Saccharomyces cerevisiae has been demonstrated to be an excellent platform for the multi-fragment assembly of large DNA constructs through its powerful homologous recombination ability. These assemblies have invariably used the stable centromeric single copy vectors. However, many applications of these assembled genomes would benefit from assembly in a higher copy number vector for improved downstream extraction of intact genomes from the yeast. A review of the literature revealed that large multi-fragment assemblies did not appear to have been attempted in multicopy vectors. Therefore, we devised a toolkit that would enable one to seamlessly transition with the same assembling fragments between a single copy and a multicopy vector. We evaluated the assembly of a 28 kb attenuated SARS-CoV-2 genome (lacking the N gene) from 10 fragments in both single copy and multicopy vector systems. Our results reveal that assembly was comparably efficient in the two vector systems. The findings should add to the synthetic biology toolkit of S. cerevisiae and should enable researchers to utilize any of these vector systems depending on their downstream applications.
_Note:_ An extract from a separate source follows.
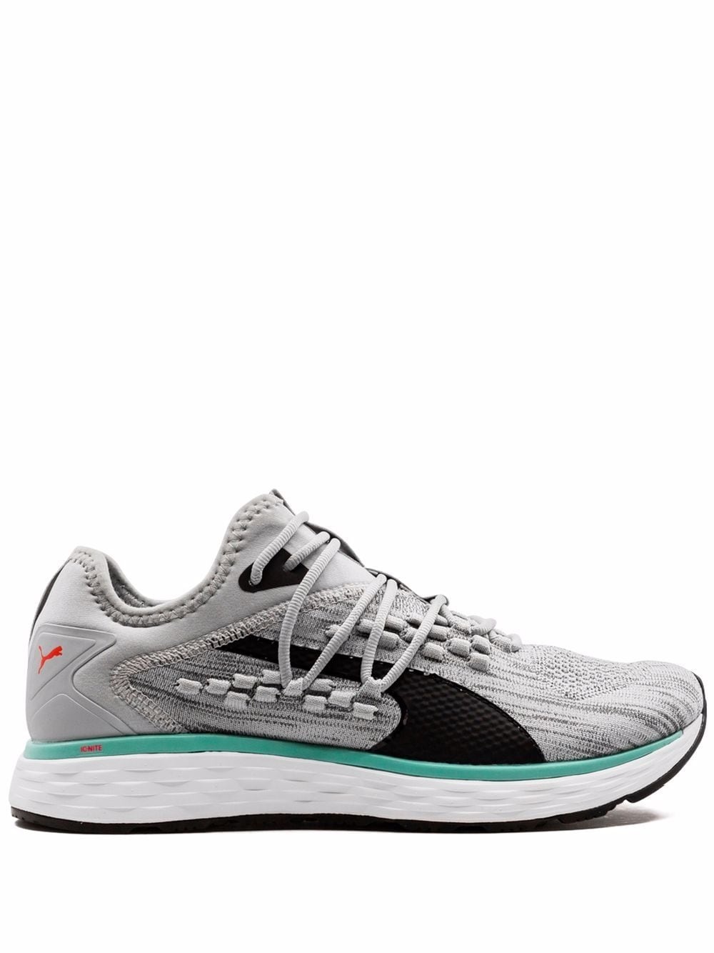 Speed 600 Fusefit sneakers Puma's latest Speed 600 design was created to offer a responsive and energetic approach towards long-distance travels. Placed atop the brand's proprietary foams, the low-top pair are a lightweight and comfortable pick for longer strides. Highlights - High rise grey/turquoise blue - Knitted upper - Sock-style ankle - Branded insole - Flat rubber sole - Front lace-up fastening - Logo patch at the tongue - These styles are supplied by a premium sneaker marketplace. stocking only the most sought-after footwear, they source and curate some of the most hard to find sneakers from around the world. Imported Composition Lining: Nylon 100% Outer: Polyester 100% Sole: Rubber 100%

酿酒酵母通过其强大的同源重组能力已被证明是大型 DNA 构建体多片段组装的绝佳平台。这些组装体总是使用稳定的着丝粒单拷贝载体。然而，这些组装基因组的许多应用将受益于在更高拷贝数载体中的组装，以改善从酵母中提取完整基因组的下游过程。对文献的回顾表明，似乎没有在多拷贝载体中尝试过大型多片段组装。因此，我们设计了一个工具包，使人们能够使用相同的组装片段在单拷贝和多拷贝向量之间无缝转换。我们评估了单拷贝和多拷贝载体系统中 10 个片段组装的 28 kb 减毒 SARS-CoV-2 基因组（缺少 N 基因）。我们的结果表明，两个载体系统中的组装效率相当。这些发现应该添加到酿酒酵母的合成生物学工具包中，并使研究人员能够根据其下游应用来利用任何这些载体系统。